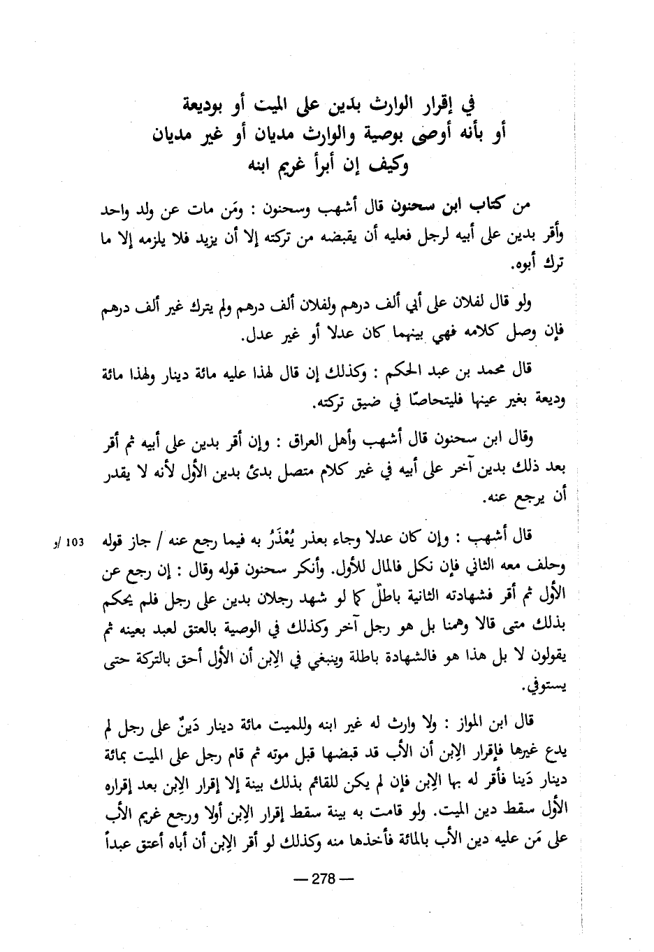 فى إقرار الوارث بدين على الميت أو بوديعة أو بأنة أوصى بوصية والوارث مديان أو غير مديان وكيف إن أبرأ غريم ابنة من كتاب ابن سحنون قال أشهب وسحنون: ومن مات عن ولد واحد وأقر بدين على أبية لرجل فعلية أن يقبضة من تركتة إلا أن يزيد فلا يلزمة إلا ما ترك أبوة. ولو قال لفلان على أبى ألف درهم ولفلان ألف درهم ولم يترك غير ألف درهم فإن وصل كلامة فهى بينهما كان عدلا أو غير عدل. قال محمد بن عبد الحكم: وكذلك إن قال لهذا علية مائة دينار ولهذا مائة وديعة بغير عينها فليتحاصا فى ضيق تركتة. وقال ابن سحنون قال أشهب وأهل العراق: وإن أقر بدين على أبية ثم أقر بعد ذلك بدين آخر على أبية فى غير كلام متصل بدىء بدين الأول لأنة لا يقدر أن يرجع عنة. قال أشهب: وإن كان عدلا وجاء بعذر بة فيما رجع عنة / جاز قولة 103/ووحلف معة الثانى فإن نكل فالمال للأول. وأنكر سحنون قولة وقال: إن رجع عن الأول ثم أقر فشهادته الثانية باطل كما لو شهد رجلان بدين على رجل فلم يحكم بذلك متى قالا وهمنا بل هو رجل آخر وكذلك في الوضية بالعتق لعبد بعينه ثم يقولون لا بل هذا هو فالشهادة باطلة وينبغى في الإبن أن الأول أحق بالتركة حتى يستوفي.
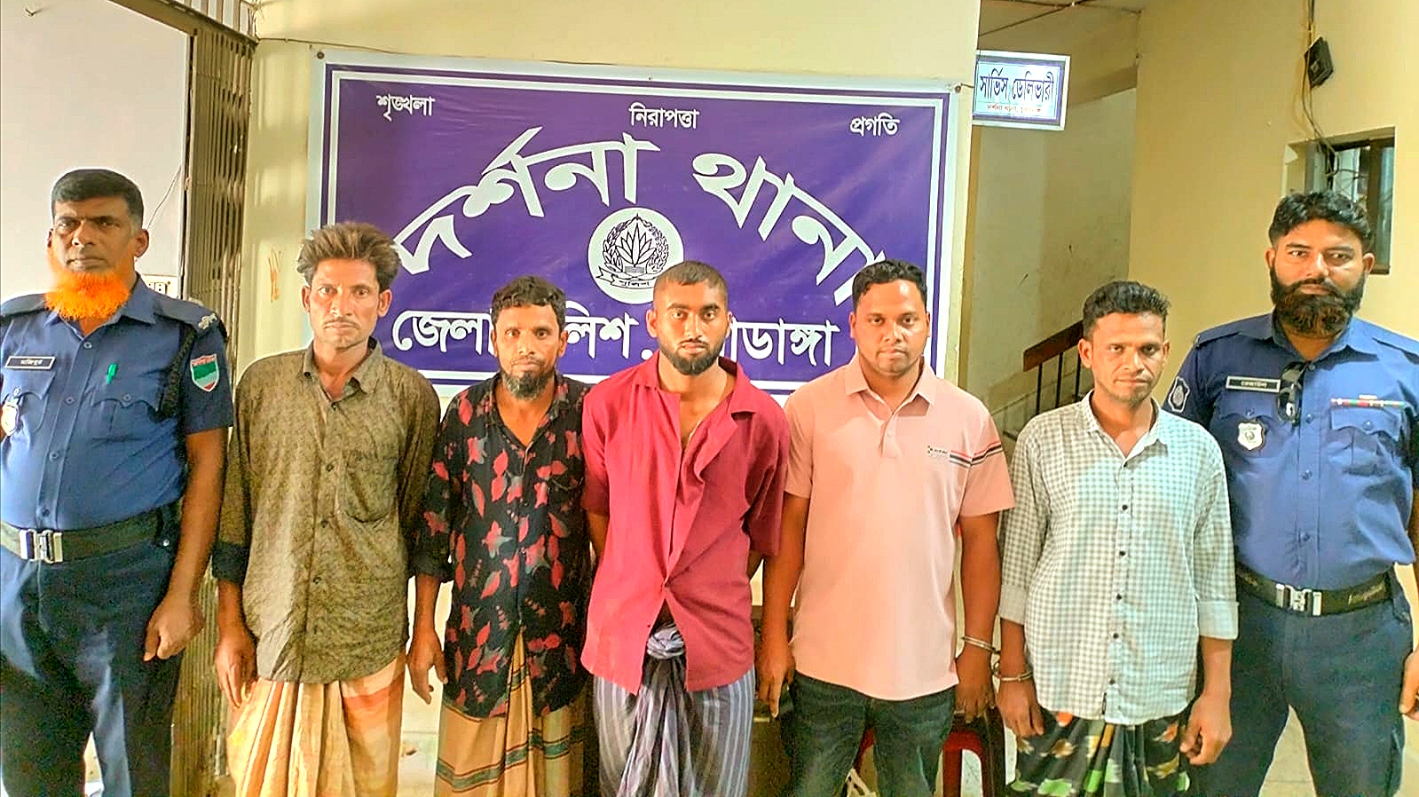 পুলিশ সূত্রে জানা যায়, দর্শনা থানার মামলা নং-০২, তারিখ ০১/০৩/২০২৬ খ্রিস্টাব্দের এজাহারভুক্ত আসামি মোঃ সাদ্দাম হোসেন (৩০), পিতা-মোঃ নুর আলম, মাতা-মোছাঃ ডালিমা খাতুন, গ্রাম-চাকুলিয়া (মাঝপাড়া), থানা-দর্শনা, জেলা-চুয়াডাঙ্গা; মোঃ শহিদুল ইসলাম (৪০), পিতা-মোঃ নুর আলম, মাতা-মোছাঃ ডালিমা খাতুন; এবং মোঃ সিরাজুল ইসলাম (৩৫), পিতা-মোঃ নুর আলম, মাতা-মোছাঃ ডালিমা খাতুন এই তিনজনকে তাদের নিজ নিজ বাড়ি থেকে গ্রেফতার করা হয়। এছাড়া দর্শনা থানার মামলা নং-০৮, তারিখ ২৪/০১/২০২৬ খ্রিস্টাব্দের এজাহারভুক্ত আসামি মোঃ মতিয়ার রহমান @ হৃদয় (২৩), পিতা-মোঃ মুকুল হোসেন, সাং-খাড়াগোদা, থানা-দর্শনা, জেলা-চুয়াডাঙ্গা কে তিতুদহ বাজার এলাকা থেকে গ্রেফতার করা হয়। অপরদিকে (জিআর-১২১/২১) মামলার ওয়ারেন্টভুক্ত আসামি মোঃ সাইফুল ইসলাম ফিল্টু (৩৫), পিতা-মোজাম্মেল হক পচা, সাং-আকন্দবাড়ীয়া নতুনপাড়া, থানা-দর্শনা, জেলা-চুয়াডাঙ্গা কে তার নিজ বাড়ি থেকে গ্রেফতার করা হয়েছে। গ্রেফতারকৃত আসামিদের ২৬ মার্চ ২০২৬ খ্রিস্টাব্দ তারিখে বিজ্ঞ আদালতে সোপর্দ করা হয়েছে বলে পুলিশ সূত্রে জানা গেছে।
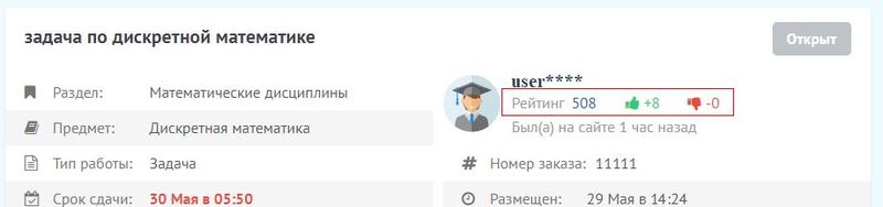 Предвижу возражение, что тогда студенты не пойдут, так как им не захочется рисковать 30 рублями на незнакомом сайте. Чтобы этого не было, с новых заказчиков брать залог не нужно, а только с тех, за кем уже числится, допустим, 5 отмененных заказов. Если посредник хочет разместить заказ без залога, пожалуйста, может зарегистрироваться по новой, но тогда пусть не жалуется на предоплату.
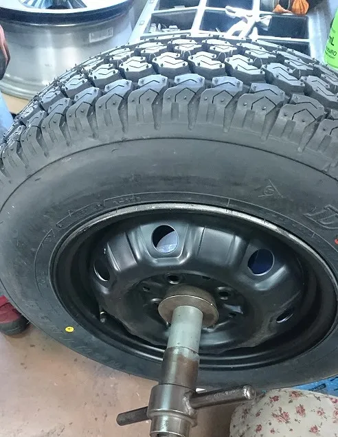 お持ち込み頂いてたオフロードパターンのタイヤ&ホイールでのバランスが取られていないとのことで当社で再度バンス点検調整を行いました。
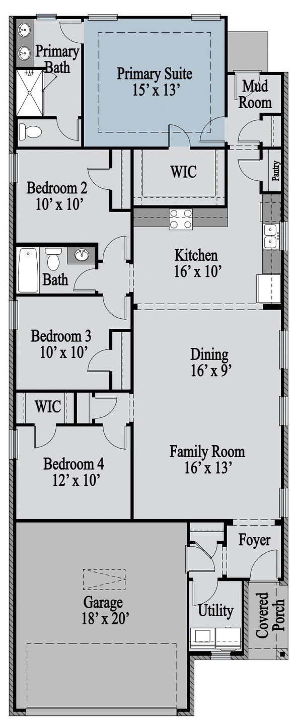 Well-designed contemporary living, indoors and out. The Chisholm’s enticing covered porch and entryway open to the spacious great room and desirable covered porch beyond. The well-equipped gourmet kitchen is highlighted by a large center island with breakfast bar, a pantry, and access to the dining room, the perfect layout for both formal and casual entertaining. A stunning primary bedroom is complete with spacious walk-in closet and luxurious master bath, featuring dual-sink vanity, glass-enclosed shower, and linen closet. The large secondary bedrooms share a well-appointed full bath. Additional highlights include a centrally-located utility room.
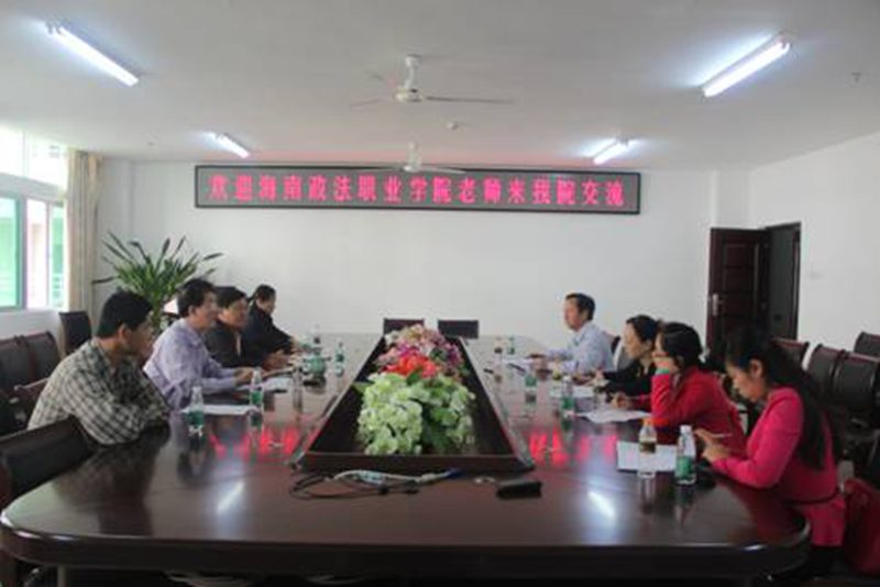 11月29海南政法职业学院社科部陈焕随副主任等一行多人,就当前思想政治理论课教学方法改革与欧冠官网教师进行交流。院党委书记梁谋主持座谈交流会。
----
Action item: The whole listing, pictures excluded, should be output exactly.

Expected answer:
 فى إقرار الوارث بدين على الميت أو بوديعة أو بأنة أوصى بوصية والوارث مديان أو غير مديان وكيف إن أبرأ غريم ابنة من كتاب ابن سحنون قال أشهب وسحنون: ومن مات عن ولد واحد وأقر بدين على أبية لرجل فعلية أن يقبضة من تركتة إلا أن يزيد فلا يلزمة إلا ما ترك أبوة. ولو قال لفلان على أبى ألف درهم ولفلان ألف درهم ولم يترك غير ألف درهم فإن وصل كلامة فهى بينهما كان عدلا أو غير عدل. قال محمد بن عبد الحكم: وكذلك إن قال لهذا علية مائة دينار ولهذا مائة وديعة بغير عينها فليتحاصا فى ضيق تركتة. وقال ابن سحنون قال أشهب وأهل العراق: وإن أقر بدين على أبية ثم أقر بعد ذلك بدين آخر على أبية فى غير كلام متصل بدىء بدين الأول لأنة لا يقدر أن يرجع عنة. قال أشهب: وإن كان عدلا وجاء بعذر بة فيما رجع عنة / جاز قولة 103/ووحلف معة الثانى فإن نكل فالمال للأول. وأنكر سحنون قولة وقال: إن رجع عن الأول ثم أقر فشهادته الثانية باطل كما لو شهد رجلان بدين على رجل فلم يحكم بذلك متى قالا وهمنا بل هو رجل آخر وكذلك في الوضية بالعتق لعبد بعينه ثم يقولون لا بل هذا هو فالشهادة باطلة وينبغى في الإبن أن الأول أحق بالتركة حتى يستوفي.
 পুলিশ সূত্রে জানা যায়, দর্শনা থানার মামলা নং-০২, তারিখ ০১/০৩/২০২৬ খ্রিস্টাব্দের এজাহারভুক্ত আসামি মোঃ সাদ্দাম হোসেন (৩০), পিতা-মোঃ নুর আলম, মাতা-মোছাঃ ডালিমা খাতুন, গ্রাম-চাকুলিয়া (মাঝপাড়া), থানা-দর্শনা, জেলা-চুয়াডাঙ্গা; মোঃ শহিদুল ইসলাম (৪০), পিতা-মোঃ নুর আলম, মাতা-মোছাঃ ডালিমা খাতুন; এবং মোঃ সিরাজুল ইসলাম (৩৫), পিতা-মোঃ নুর আলম, মাতা-মোছাঃ ডালিমা খাতুন এই তিনজনকে তাদের নিজ নিজ বাড়ি থেকে গ্রেফতার করা হয়। এছাড়া দর্শনা থানার মামলা নং-০৮, তারিখ ২৪/০১/২০২৬ খ্রিস্টাব্দের এজাহারভুক্ত আসামি মোঃ মতিয়ার রহমান @ হৃদয় (২৩), পিতা-মোঃ মুকুল হোসেন, সাং-খাড়াগোদা, থানা-দর্শনা, জেলা-চুয়াডাঙ্গা কে তিতুদহ বাজার এলাকা থেকে গ্রেফতার করা হয়। অপরদিকে (জিআর-১২১/২১) মামলার ওয়ারেন্টভুক্ত আসামি মোঃ সাইফুল ইসলাম ফিল্টু (৩৫), পিতা-মোজাম্মেল হক পচা, সাং-আকন্দবাড়ীয়া নতুনপাড়া, থানা-দর্শনা, জেলা-চুয়াডাঙ্গা কে তার নিজ বাড়ি থেকে গ্রেফতার করা হয়েছে। গ্রেফতারকৃত আসামিদের ২৬ মার্চ ২০২৬ খ্রিস্টাব্দ তারিখে বিজ্ঞ আদালতে সোপর্দ করা হয়েছে বলে পুলিশ সূত্রে জানা গেছে।
 Предвижу возражение, что тогда студенты не пойдут, так как им не захочется рисковать 30 рублями на незнакомом сайте. Чтобы этого не было, с новых заказчиков брать залог не нужно, а только с тех, за кем уже числится, допустим, 5 отмененных заказов. Если посредник хочет разместить заказ без залога, пожалуйста, может зарегистрироваться по новой, но тогда пусть не жалуется на предоплату.
 お持ち込み頂いてたオフロードパターンのタイヤ&ホイールでのバランスが取られていないとのことで当社で再度バンス点検調整を行いました。
 Well-designed contemporary living, indoors and out. The Chisholm’s enticing covered porch and entryway open to the spacious great room and desirable covered porch beyond. The well-equipped gourmet kitchen is highlighted by a large center island with breakfast bar, a pantry, and access to the dining room, the perfect layout for both formal and casual entertaining. A stunning primary bedroom is complete with spacious walk-in closet and luxurious master bath, featuring dual-sink vanity, glass-enclosed shower, and linen closet. The large secondary bedrooms share a well-appointed full bath. Additional highlights include a centrally-located utility room.
 11月29海南政法职业学院社科部陈焕随副主任等一行多人,就当前思想政治理论课教学方法改革与欧冠官网教师进行交流。院党委书记梁谋主持座谈交流会。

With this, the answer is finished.